### How to complete this task:
Copy out all of the data word for word. Omit every picture.

### Dataset extract:
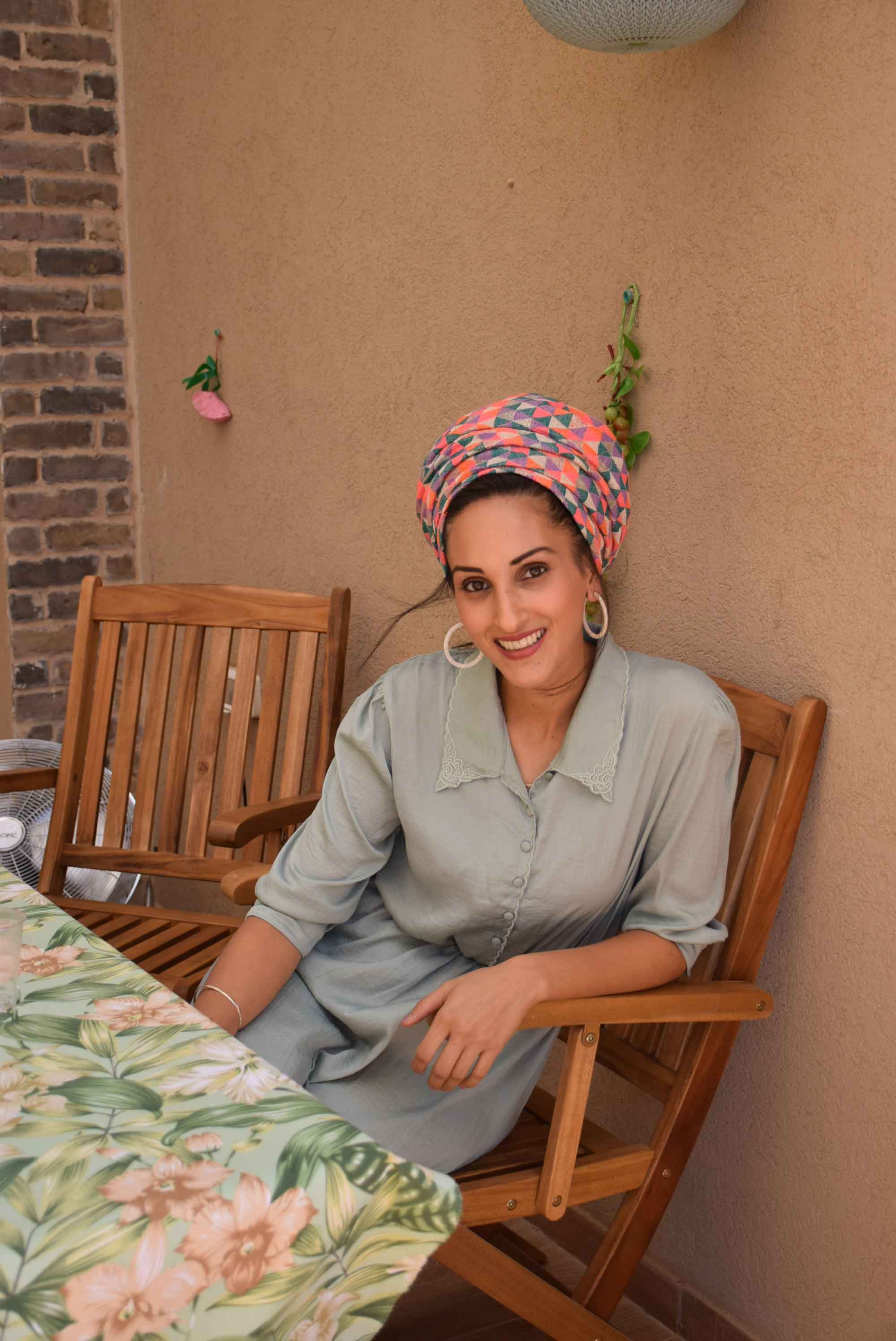 שמלה: הודיה לוביץ, מטפחת : אביה ששון. / שמלה: גולדה, מטפחת: נחלת בנימין, עגילים: שדה בר /שמלה שדה בר, מטפחת: אתכסיא .
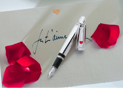 מה מציעים: לכתוב את מכתבי האהבה בסטייל ומציג את BOHEME J'TAIME, סדרת עטים המעוטרים בזהב לבן או צהוב ומצוידים בציפורן מהודרת באבן אודם שלוטשה בצורת לב.
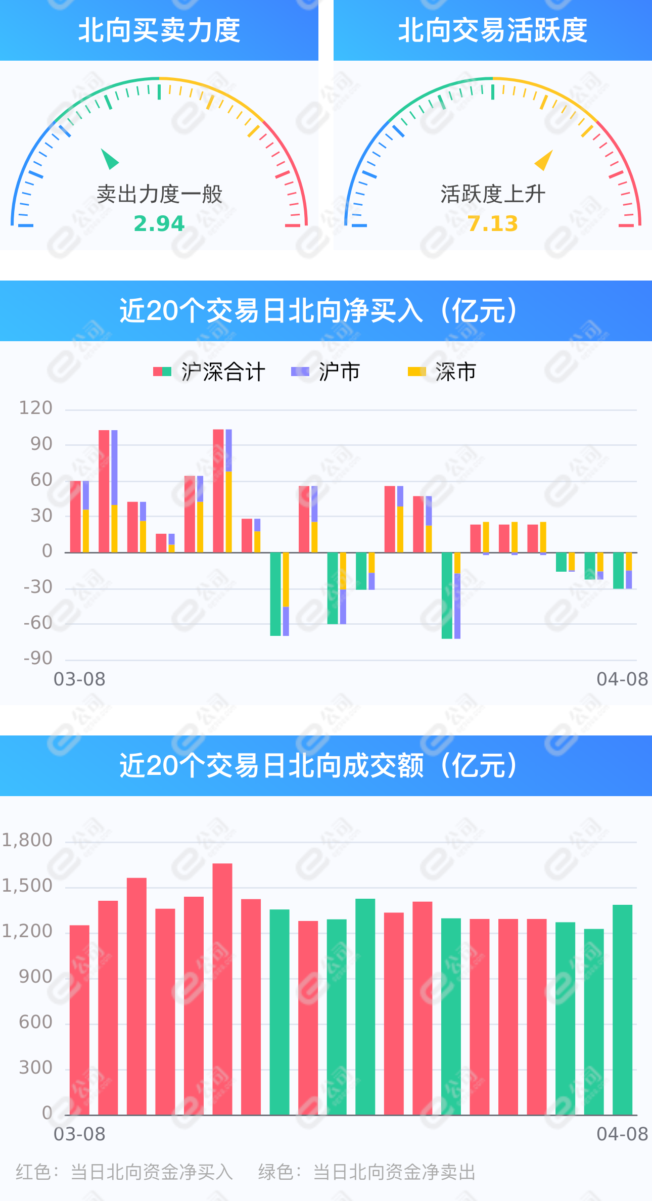 证券时报e公司讯,4月8日,截至A股收盘,北向资金合计净卖出30.45亿元,其中沪股通净卖出15.21亿元,深股通净卖出15.24亿元。北向资金成交金额1383.55亿元,占A股总成交额14.85%,交易活跃度上升13.04%。

### Response box:
 שמלה: הודיה לוביץ, מטפחת : אביה ששון. / שמלה: גולדה, מטפחת: נחלת בנימין, עגילים: שדה בר /שמלה שדה בר, מטפחת: אתכסיא .
 מה מציעים: לכתוב את מכתבי האהבה בסטייל ומציג את BOHEME J'TAIME, סדרת עטים המעוטרים בזהב לבן או צהוב ומצוידים בציפורן מהודרת באבן אודם שלוטשה בצורת לב.
 证券时报e公司讯,4月8日,截至A股收盘,北向资金合计净卖出30.45亿元,其中沪股通净卖出15.21亿元,深股通净卖出15.24亿元。北向资金成交金额1383.55亿元,占A股总成交额14.85%,交易活跃度上升13.04%。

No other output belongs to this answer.